A conversa em torno de questões relacionadas ao gênero ampliou em comparação com a década de 1990 e também vemos surgir mais movimentos de apoio à comunidade trans. Ainda há um caminho longo para percorrer, mas suas vidas e histórias parecem hoje mais palpáveis em documentários (A Morte e Vida de Marsha P. Johnson, no Netflix, por exemplo), festivais, eventos, debates e iniciativas politizadas. Nos anos 90, essas questões naturalmente existiam, mas não ecoavam pela sociedade, mantendo-se presas na cena underground.
A exposição Cara, Corpo, Voz!, que abre neste sábado na Casa da Imagem, traz um recorte íntimo e intenso dessa cena. A fotógrafa Claudia Guimarães documentava seu entorno na década de 1990 em jornadas fotográficas pela noite, em comunidades gays e transexuais e na cena fashion de São Paulo (Cara, Corpo, Voz! era uma gíria da época para quando uma drag queen chegava na boate).
A mostra tem curadoria de Eder Chiodetto e Erika Palomino e revela a cumplicidade e a proximidade da fotógrafa com as personagens, tanto nos retratos em estúdio como nos snapshots na rua e pelas noites underground. Revendo o material hoje, ele é uma crônica visual do cotidiano entre os anos de 1996 e 2000, com fotos que falam de gênero, liberdade sexual, nudez como direito e o corpo como política de resistência.
“Claudia se equipara ao trabalho de Nan Goldin, no Brasil, e ajudou a dar cara a pelo menos duas gerações, por meio de seu trabalho (na coluna Noite Ilustrada) e depois na moda e na publicidade, o que não é pouco – haja vista a fotografia como um ambiente machista e até ali restrito à agenda que ela traz. Resiliente, ela não trabalha com concessões e, hoje, sua obra emerge com muita coerência e coragem”, diz Palomino.
Uma das imagens mais emblemáticas da época é a foto de Andrea de Maio (que abre esta matéria), transexual, empresária e ativista pelos direitos LGBT+, que morreu no ano 2000 por complicações após uma cirurgia para retirada de silicone industrial de seu corpo. Andrea era uma figura célebre e respeitada no centro de São Paulo, “temida por traficantes, michês e trombadinhas e respeitada pela polícia”, conta o jornalista Lino Bocchini em uma matéria na revista Trip.

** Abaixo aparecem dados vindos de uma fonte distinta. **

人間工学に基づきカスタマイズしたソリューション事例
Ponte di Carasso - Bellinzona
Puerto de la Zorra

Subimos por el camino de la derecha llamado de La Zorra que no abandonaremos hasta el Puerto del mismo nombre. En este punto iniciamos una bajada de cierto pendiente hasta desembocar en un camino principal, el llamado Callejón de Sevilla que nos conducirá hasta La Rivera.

Ela também, de certa forma, mostra a evolução da discussão e dos direitos dessa comunidade. Dona da boate Prohibidu’s, Andrea foi enterrada no Cemitério da Consolação com seu nome de registro civil e só em 2016 teve a placa de sua lápide alterada, uma iniciativa do Serviço Funerário Municipal de São Paulo e do arquiteto e professor da FAU Renato Cymbalista, que fez a doação.
A década de 1990 ainda inspira imagens, seja na moda, na fotografia ou no cinema, e essas 40 fotos são real deal de uma cena e o retrato de uma época.
SERVIÇO
Cara | Corpo | Voz! de Claudia Guimarães
Abertura: 13.07, das 11h às 16h
Local: Casa da Imagem (r. Roberto Simonsen, 136 b, Sé)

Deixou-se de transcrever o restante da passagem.